Plaintiff argues it properly pled this claim because it alleges Defendants attempted to coerce
Plaintiff to enter the Member Accreditation Agreement. Defendants argue in reply that Plaintiff
has not properly pled extortion. The court disagrees. Plaintiff has adequately pled a claim of
extortion under state law. The Utah Code defines extortion, in part, as: “any other act which
would not in itself substantially benefit [the defendant] but which would harm substantially any
other person with respect to that person’s health, safety, business, calling, career, financial
condition, reputation, or personal relationships.” Utah Code Ann. § 76-6-406(i). Defendants do
not describe any legitimate benefit they receive for refusing to take down inaccurate reviews, or
reviews based on matters already resolved. Plaintiff, on the other hand, alleges its business
suffers substantial harm from Defendants refusal. Defendants do not appear to argue their
conduct lies outside the ambit of this provision of the Utah Code. Accordingly, the court will
deny Defendants’ motion as far is it concerns Plaintiff’s Utah Unfair Competition Act claim.
At first blush, the court’s discussion may appear to suggest Defendants should be held liable
for third-party speech. The CDA precludes such liability and the court will not impose it.

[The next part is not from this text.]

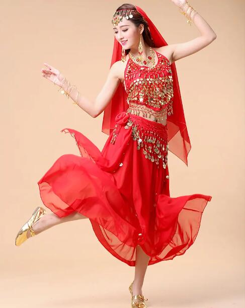 舞蹈演员和演员服装通常鲜艳夺目,会用各种首饰装饰,有的还会戴脚铃。古典舞的服装把舞者裹得紧紧的, 的腰也绷紧了 搭配灯笼形状的裤子,体现女性的妖娆身材。在当代,舞者经常穿着袒胸的衣服, 更能展现女性的魅力。舞者还会戴上与衣服相配的面纱, 有时会用纱布蒙住脸 兼顾了宗教因素, 则为舞蹈增添了神秘感。此外,舞者在表演印度传统舞蹈时不允许穿鞋, 以示对神灵的诚意。
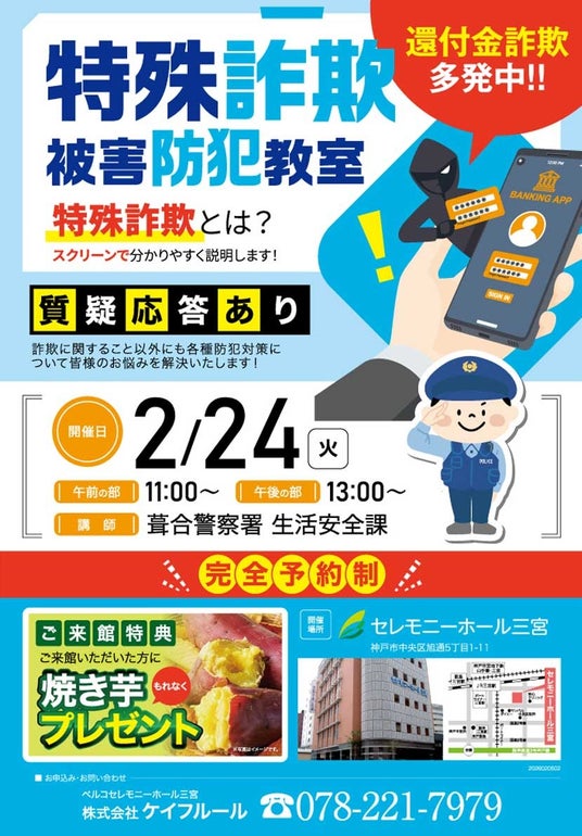 株式会社ベルコ(本社大阪府池田市)は近年増加する還付金詐欺や金融機関を装った不正アクセス被害などの特殊詐欺から地域住民を守るため、「特殊詐欺被害防犯教室」を2026年2月24日(火)にセレモニーホール三宮にて開催いたします。

Nonetheless, a party may be liable for extortion by economic fear if that party offers to influence
a third party to take a certain action. In United States v. Lotspeich the Tenth Circuit affirmed a
defendant’s extortion conviction for offering to influence a county commission to grant a certain
license if the victim paid the defendant $2,300,000. 796 F.2d 1268, 1269, 1273 (10th Cir. 1986).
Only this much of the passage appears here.